It is now clear that the routine biochemistry and the indexes, related to OSA severity are not the best indicators neither for the cardiovascular derangements, nor for the metabolic disruptions. This leads the door open for future research that is mostly clinically oriented providing a good study design as well as reasonable and pathophysiologically related biomarkers.

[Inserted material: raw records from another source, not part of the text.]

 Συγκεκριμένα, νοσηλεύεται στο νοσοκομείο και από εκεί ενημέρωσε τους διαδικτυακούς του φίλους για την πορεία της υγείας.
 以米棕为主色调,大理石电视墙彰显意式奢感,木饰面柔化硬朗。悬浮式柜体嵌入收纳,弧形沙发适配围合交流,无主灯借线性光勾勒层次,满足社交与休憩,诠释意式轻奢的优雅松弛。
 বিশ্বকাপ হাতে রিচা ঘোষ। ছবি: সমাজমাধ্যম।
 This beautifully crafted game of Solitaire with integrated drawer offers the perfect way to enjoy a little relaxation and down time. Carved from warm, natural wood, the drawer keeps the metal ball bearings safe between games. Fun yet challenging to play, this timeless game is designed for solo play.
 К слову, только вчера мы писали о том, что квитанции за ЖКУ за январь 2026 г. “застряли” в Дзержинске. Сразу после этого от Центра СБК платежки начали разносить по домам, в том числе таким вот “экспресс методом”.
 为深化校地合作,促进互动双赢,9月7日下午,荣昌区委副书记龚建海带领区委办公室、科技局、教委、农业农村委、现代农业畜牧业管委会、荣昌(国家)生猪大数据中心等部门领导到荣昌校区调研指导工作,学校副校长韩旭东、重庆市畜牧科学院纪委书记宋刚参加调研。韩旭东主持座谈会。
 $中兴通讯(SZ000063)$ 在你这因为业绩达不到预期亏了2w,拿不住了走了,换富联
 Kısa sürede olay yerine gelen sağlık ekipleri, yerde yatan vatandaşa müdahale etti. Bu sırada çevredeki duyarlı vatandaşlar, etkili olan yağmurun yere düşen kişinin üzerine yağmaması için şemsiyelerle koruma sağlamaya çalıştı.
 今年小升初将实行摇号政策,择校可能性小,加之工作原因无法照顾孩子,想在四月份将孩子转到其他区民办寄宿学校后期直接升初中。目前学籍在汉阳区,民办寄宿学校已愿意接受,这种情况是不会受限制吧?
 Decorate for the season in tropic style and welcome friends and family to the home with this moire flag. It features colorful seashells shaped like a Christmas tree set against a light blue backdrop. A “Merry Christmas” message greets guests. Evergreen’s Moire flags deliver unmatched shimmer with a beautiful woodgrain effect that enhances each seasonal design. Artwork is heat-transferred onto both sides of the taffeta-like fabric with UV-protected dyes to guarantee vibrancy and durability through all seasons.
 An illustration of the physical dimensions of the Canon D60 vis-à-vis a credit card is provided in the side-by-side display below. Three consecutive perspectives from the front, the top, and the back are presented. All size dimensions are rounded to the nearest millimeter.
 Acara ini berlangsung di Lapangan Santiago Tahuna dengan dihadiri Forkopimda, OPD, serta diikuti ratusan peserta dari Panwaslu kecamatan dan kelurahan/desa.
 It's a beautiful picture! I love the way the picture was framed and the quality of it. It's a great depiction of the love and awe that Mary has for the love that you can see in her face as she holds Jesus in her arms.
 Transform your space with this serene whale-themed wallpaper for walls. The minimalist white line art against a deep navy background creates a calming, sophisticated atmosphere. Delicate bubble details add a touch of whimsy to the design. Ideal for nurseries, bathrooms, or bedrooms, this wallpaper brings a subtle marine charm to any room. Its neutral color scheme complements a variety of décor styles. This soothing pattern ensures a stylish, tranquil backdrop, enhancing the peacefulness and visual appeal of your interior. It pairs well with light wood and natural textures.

Resistin is an adipocyte-derived cytokine (adipokine) that may contribute to the development of obesity [912], insulin resistance [13, 14] and the metabolic syndrome [15]. Recent studies have shown the causative association between resistin and systemic inflammation [16, 17], especially in the vascular endothelium [18]. From the viewpoint of inflammation, it is notable that plasma resistin concentrations increase with increasing inflammatory mediator levels, predicting the severity of coronary atherosclerosis [19]. An investigation of resistin and its role for the generation of insulin resistance in OSA therefore provides a better understanding of complex links between metabolic disorders and cardiovascular involvements in this syndrome.A lot of controversial data has been generated, discussing its role in insulin resistance in the general population but not in OSA patients.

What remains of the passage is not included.